**Task goal:** The answer must be an exact copy of the entries that follow, with all images removed.

START Data for this task

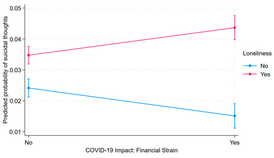 Figure 1. Predicted probability of suicidal ideation by COVID-19-related financial strain and loneliness/emotional distress.
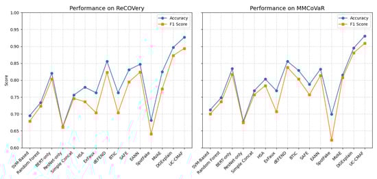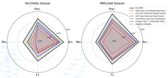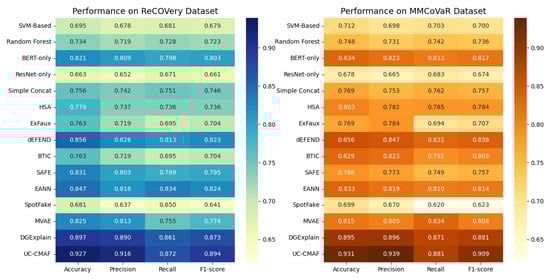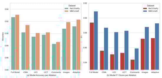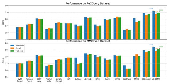 Both ReCOVery and MMCoVaR are centered around COVID-19-related misinformation, which may introduce topic-specific linguistic, visual, and social biases. For instance, common text tokens (e.g., “vaccine,” “clinical trial”) and visual patterns (e.g., medical diagrams or bar charts) may dominate feature learning, while user comments tend to reflect highly polarized or emotionally charged discourse. As a result, the model may learn domain-specific representations that do not generalize well to topics such as politics, finance, or AI-generated content. However, the modular design of UC-CMAF—including separate CMA, UCI, and UCT components—allows for efficient adaptation to new domains via fine-tuning without altering the core architecture. Future work should evaluate the framework on a broader range of datasets, such as PolitiFact or GossipCop, to systematically assess its robustness across diverse semantic and visual distributions.
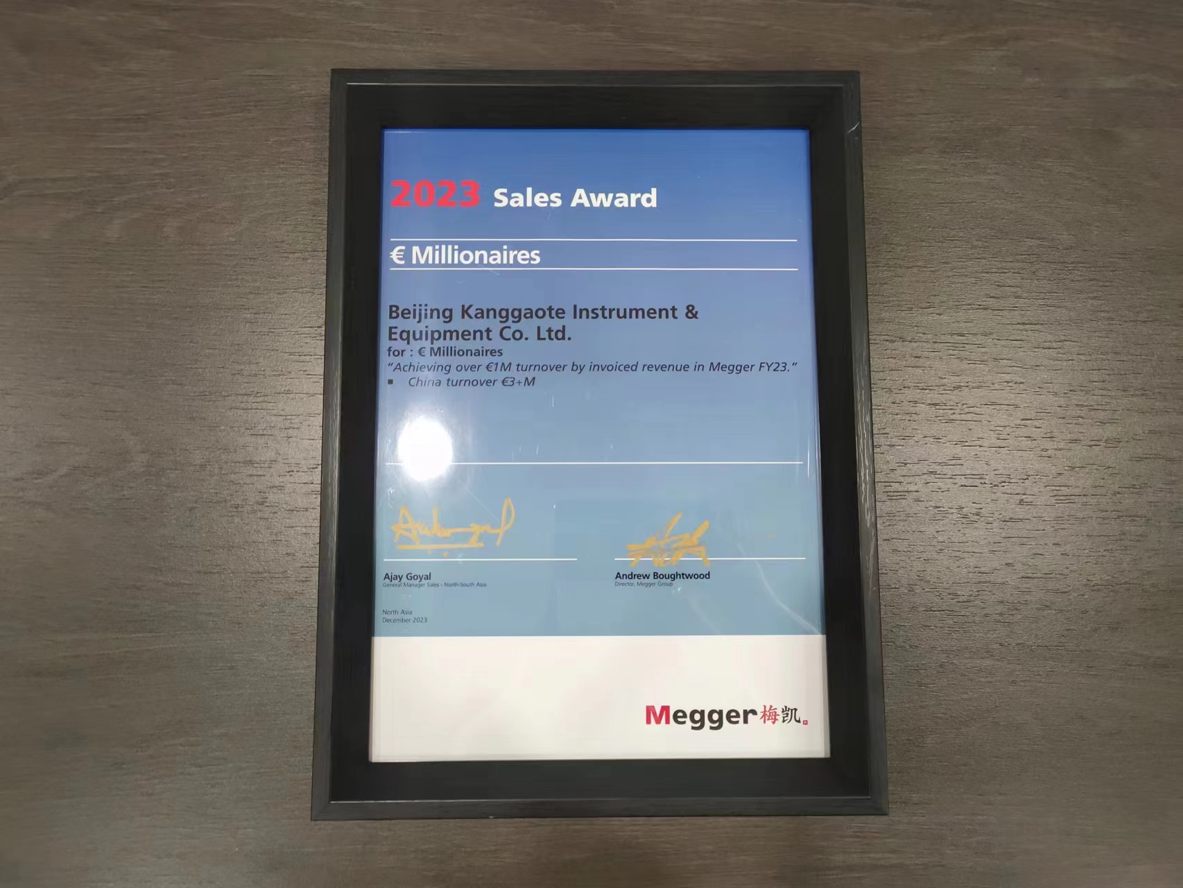 北京康高特儀器設備導讀:北京康高特儀器設備有限公司榮獲Megger China 2023年度銷售*,并且再次獲得“百萬歐元俱樂部成員”獎項,這已經是康高特連續第4年獲得此榮譽!
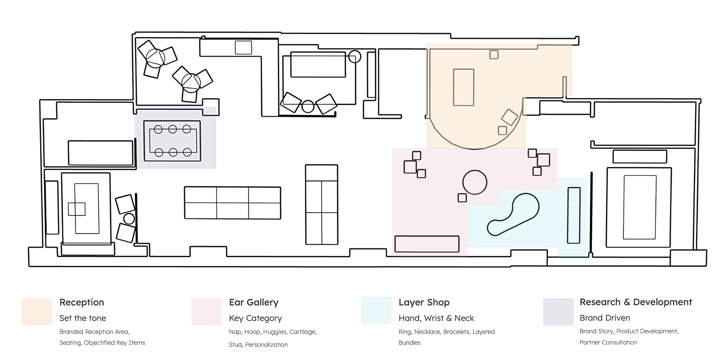 The 2,000 sq ft white box was transformed into defined, multifunctional zones. Careful spatial planning balanced flow and function, while keeping product-focused areas at the center of the experience.
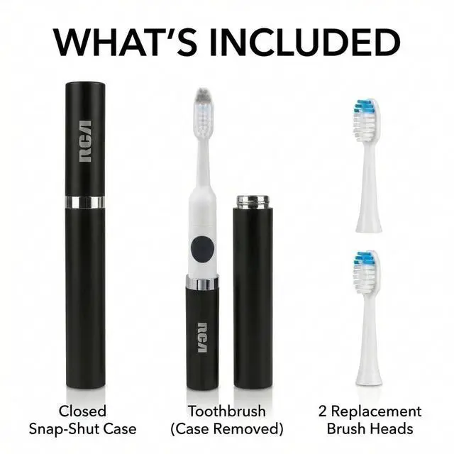 The RCA sonic electric toothbrush for adults delivers a powerful clean in a compact, travel-friendly design, making it a convenient electric toothbrush for everyday use at home or on the go. Featuring 22,000 brush strokes per minute, this sonic toothbrush provides high-speed brushing action in a lightweight battery powered toothbrush thats easy to pack for travel, gym bags, and work. The rotating spin brush toothbrush head helps provide a thorough clean feel, and the included extra brush head adds convenience for extended use. Designed for simple daily brushing, this battery operated toothbrush is a practical upgrade from a manual toothbrush and a great option for anyone looking for a portable electric toothbrush for adults.
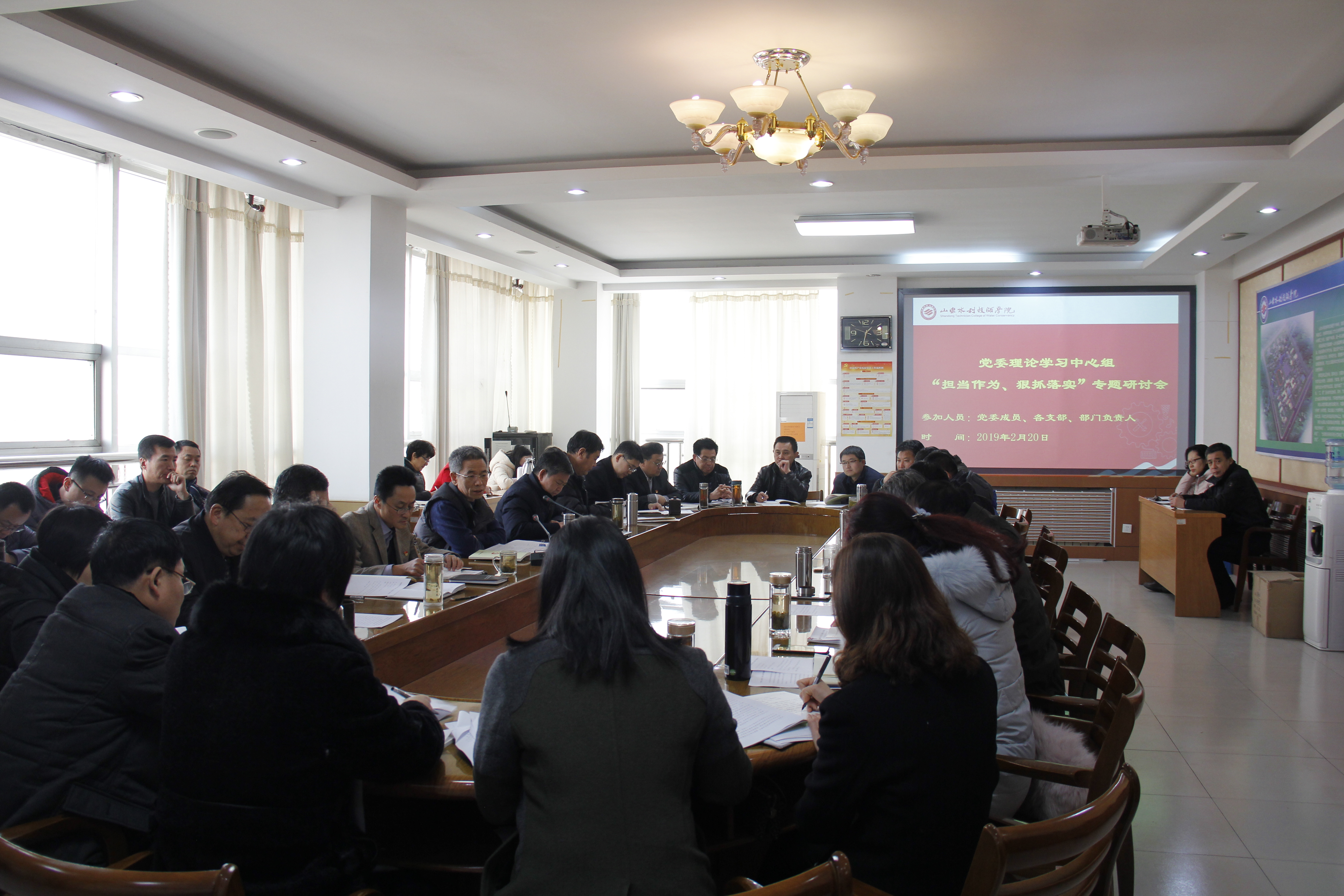 春来满目新,奋进正当时。为深入学习贯彻全省“担当作为、狠抓落实”工作动员大会精神,根据水利厅《关于贯彻落实全省“担当作为、狠抓落实”工作动员大会精神的通知》要求,学院迅速行动起来,采取个人自学、支部集中学习和党委中心组集中研讨方式,深入贯彻落实。

END Data for this task

**Output for this task:**
 Figure 1. Predicted probability of suicidal ideation by COVID-19-related financial strain and loneliness/emotional distress.
 Both ReCOVery and MMCoVaR are centered around COVID-19-related misinformation, which may introduce topic-specific linguistic, visual, and social biases. For instance, common text tokens (e.g., “vaccine,” “clinical trial”) and visual patterns (e.g., medical diagrams or bar charts) may dominate feature learning, while user comments tend to reflect highly polarized or emotionally charged discourse. As a result, the model may learn domain-specific representations that do not generalize well to topics such as politics, finance, or AI-generated content. However, the modular design of UC-CMAF—including separate CMA, UCI, and UCT components—allows for efficient adaptation to new domains via fine-tuning without altering the core architecture. Future work should evaluate the framework on a broader range of datasets, such as PolitiFact or GossipCop, to systematically assess its robustness across diverse semantic and visual distributions.
 北京康高特儀器設備導讀:北京康高特儀器設備有限公司榮獲Megger China 2023年度銷售*,并且再次獲得“百萬歐元俱樂部成員”獎項,這已經是康高特連續第4年獲得此榮譽!
 The 2,000 sq ft white box was transformed into defined, multifunctional zones. Careful spatial planning balanced flow and function, while keeping product-focused areas at the center of the experience.
 The RCA sonic electric toothbrush for adults delivers a powerful clean in a compact, travel-friendly design, making it a convenient electric toothbrush for everyday use at home or on the go. Featuring 22,000 brush strokes per minute, this sonic toothbrush provides high-speed brushing action in a lightweight battery powered toothbrush thats easy to pack for travel, gym bags, and work. The rotating spin brush toothbrush head helps provide a thorough clean feel, and the included extra brush head adds convenience for extended use. Designed for simple daily brushing, this battery operated toothbrush is a practical upgrade from a manual toothbrush and a great option for anyone looking for a portable electric toothbrush for adults.
 春来满目新,奋进正当时。为深入学习贯彻全省“担当作为、狠抓落实”工作动员大会精神,根据水利厅《关于贯彻落实全省“担当作为、狠抓落实”工作动员大会精神的通知》要求,学院迅速行动起来,采取个人自学、支部集中学习和党委中心组集中研讨方式,深入贯彻落实。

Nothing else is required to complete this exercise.